Meet word finder, Illinois grad Ryan L. Rogowski

UI alumnus Ryan L. Rogowski creates an app that puts Asian translations in the palms of travelers’ hands.

Ryan L. Rogowski “If you’re in China and don’t know the characters, you can’t read bus or subway signs,” says Ryan L. Rogowski, co-founder of Waygo—a mobile app that translates Chinese (and other languages) in real time. (Photo by Jen Dahlgren)
UI alumnus Ryan L. Rogowski creates an app that puts Asian translations in the palms of travelers’ hands.

Few jobs demand dual degrees in electrical engineering and linguistics, so Ryan L. Rogowski, ’11 LAS, ’11 ENG, created his own. He’s co-founder and CEO of Waygo, a mobile app that translates Chinese, Japanese and Korean in real time. Since Waygo’s launch in 2010, users have made more than 7 million translations; more languages are coming soon, as are licensing deals with dictionaries and education companies.

How did you know this idea would resonate?
I worked on prototypes during college. Afterward, I moved to China to do iPhone game development and learn Mandarin. If you’re in China and don’t know the characters, you can’t read bus or subway signs. It’s scary to think about getting lost and not being able to get home. I realized this idea could help a lot of people and I should start building it.

Other apps do translation—what makes Waygo different?
Some require you to take a picture and use an internet connection, which can take a while. Waygo works offline, instantly. You can either target one small phrase or a whole page of text. Imagine pointing your phone at a menu and all the text transforms into English. That’s something that only our technology can do.

How does it work?
The app captures video feed from the camera and uses image processing to look for text in each frame. We put that line of text into a translation engine built and customized for travel language. Then we draw that translation back onto the screen and the user sees the magic.

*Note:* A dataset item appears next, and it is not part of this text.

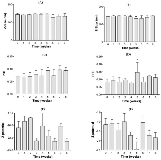Stability analysis of flavanones NP formulations: (A) NP I Z-size data; (B) NP II Z-size data (C) NP I PDI = polydispersion index; (D) NP II PDI = polydispersion index; (E) NP I zeta potential data; (F) NP II ZP = zeta potential data (Mean ± standard deviation of 3 replicates). Significant differences with 0 week, p < 0.05 (*).

How did you choose the name?
The Chinese name for “foreign country” is wài guó. We dropped the “i”, made it a “y” and dropped the “u”. People caught on.

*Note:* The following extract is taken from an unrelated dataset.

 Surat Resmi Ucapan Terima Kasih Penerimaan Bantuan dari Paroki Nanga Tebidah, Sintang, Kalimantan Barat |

What feedback do users send you?
One family emailed us—they’d planned to stay in Taiwan for a week. The family discovered Waygo two days before they were supposed to leave and felt so much more confident about exploring the region that they extended their trip for a month.

And then there was a dad trying to build a robot toy for his kid. All the instructions were in Japanese; he used Waygo to figure out how to piece it together.